When was the last time you heard anyone in America make the case that public education - from pre-K through graduate school - is intrinsically important to preserving democracy regardless of what it does for individual earnings potential?

For at least thirty years, if not longer, repugs have been pushing the myth that the purpose of education is to increase one's ability to make money. What they really mean is that the purpose of education is to churn out obedient corporate drones incapable of independent thought.

And if it's all about the money, then there's nothing to stop schools from raising tuition to ludicrous heights.

Nothing, that is, except tens of thousands of students in the street.

Jacob Remes in The Nation:

STUDENTS STRIKE IN QUEBEC: In late May, a Montrealer met a neighbor at one of the local casseroles, the boisterous marches that have captured the imagination of cities and towns across Quebec.
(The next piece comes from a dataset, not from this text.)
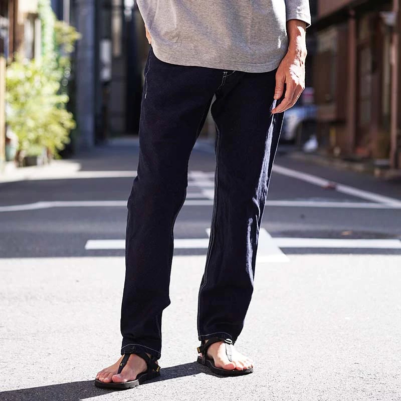 脇接ぎのないパターンによりルーズ感を出しつつもテーパードでスッキリとした印象。

Beating pots and pans to create the protest music that has filled the city’s streets, the neighbor asked: “When does the demo end?” There was only one possible answer: “It ends with the revolution.”

It is hard to imagine how the loud, joyous, spontaneous and illegal demonstrations that have been snaking their way through Quebec can end in any other way than with the fall of Liberal Premier Jean Charest. The initial spark that lit the protests was a plan to raise college and university tuition by a massive 75 percent over five years, ostensibly to better fund higher education without raising taxes. Students went on strike, refusing to go to class and blocking colleagues who tried. At its height, some 180,000 students were participating. After a dozen weeks, protesters augmented the classroom pickets with nightly demonstrations in Montreal, marked by occasional vandalism and considerable police violence. On May 18, the government tried to break the movement by passing the loi matraque, or “truncheon law,” which suspended the semester until August and imposed severe restrictions on the right to protest in groups larger than fifty. But Charest and his ministers grossly miscalculated.

Four days after the law was passed, as many as 500,000 protesters marched through Montreal, violating the government’s decree and thus participating in the largest act of civil disobedience in Canadian history. In protest of tuition hikes, students donned red felt squares to signify being “squarely in the red” while offering a broader critique of neoliberalism. Education should be neither a luxury good nor an individual investment in future earnings, the students argue, but rather a social good that the state provides to create a stronger nation.

Support for Charest’s tuition hike dropped from 68 to 27 percent in the week following the special law’s passage. Negotiations between the student unions and the government restarted May 28 but collapsed again on May 31. This means the ongoing protests will have a chance to broaden to include other neoliberal policies, including Charest’s Plan Nord, which would commodify the province’s natural resources. “The strike is the students’,” a graffitied slogan reminds onlookers. “The struggle is everyone’s.”

1 comment:

Anonymous said...

Students of Québec pay the lowest tuition fees in Canada, and they would still have very low fees even under the original raises.

Québec as a province of Canada enjoys extremely high subsidies from the federal government and asymmetrical power to be able to decide its own cultural and immigration and linguistic policies.

The rest of Canada is rather tired of the privilege and subsidy given to Québec, while they criticize the capitalist society that created this wealth.

We are tired of this Québec whining and if they want to separate, let them go. Their radical students will take over their government and then the US can contend with Chávez-North on its border.

Rest of Canada won't care.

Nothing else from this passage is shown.